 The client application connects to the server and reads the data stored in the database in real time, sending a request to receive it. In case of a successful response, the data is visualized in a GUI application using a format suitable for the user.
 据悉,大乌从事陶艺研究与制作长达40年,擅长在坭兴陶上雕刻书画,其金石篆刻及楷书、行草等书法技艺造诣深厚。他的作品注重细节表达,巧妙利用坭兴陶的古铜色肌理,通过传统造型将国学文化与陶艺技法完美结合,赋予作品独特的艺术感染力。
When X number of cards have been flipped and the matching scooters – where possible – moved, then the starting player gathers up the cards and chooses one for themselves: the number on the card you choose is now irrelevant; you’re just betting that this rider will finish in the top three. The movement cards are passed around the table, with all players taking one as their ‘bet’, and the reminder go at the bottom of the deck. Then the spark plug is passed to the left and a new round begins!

* * *

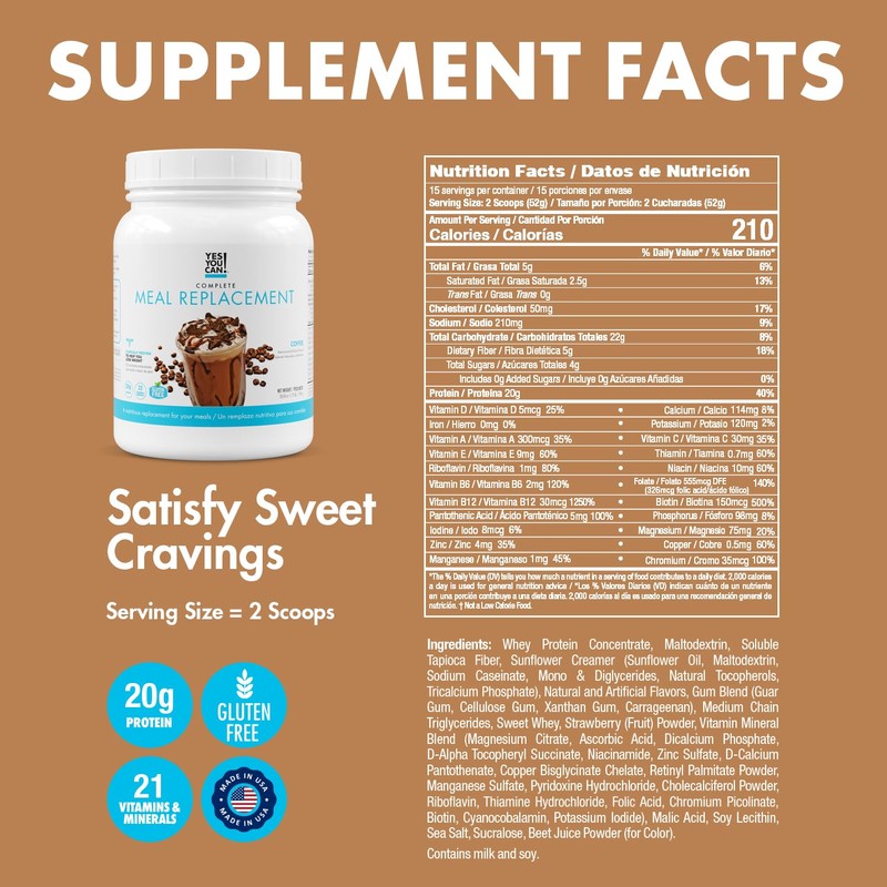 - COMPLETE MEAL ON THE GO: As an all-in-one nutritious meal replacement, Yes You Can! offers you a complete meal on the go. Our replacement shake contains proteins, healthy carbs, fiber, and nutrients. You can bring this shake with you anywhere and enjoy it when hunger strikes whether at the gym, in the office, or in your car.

» **Requirement**: Everything from the line containing "The client application" through the line containing "据悉,大乌从事陶艺研究与制作" in the material above should be retyped exactly, both ends included, and nothing more.

» **Answer below**:
 The client application connects to the server and reads the data stored in the database in real time, sending a request to receive it. In case of a successful response, the data is visualized in a GUI application using a format suitable for the user.
 据悉,大乌从事陶艺研究与制作长达40年,擅长在坭兴陶上雕刻书画,其金石篆刻及楷书、行草等书法技艺造诣深厚。他的作品注重细节表达,巧妙利用坭兴陶的古铜色肌理,通过传统造型将国学文化与陶艺技法完美结合,赋予作品独特的艺术感染力。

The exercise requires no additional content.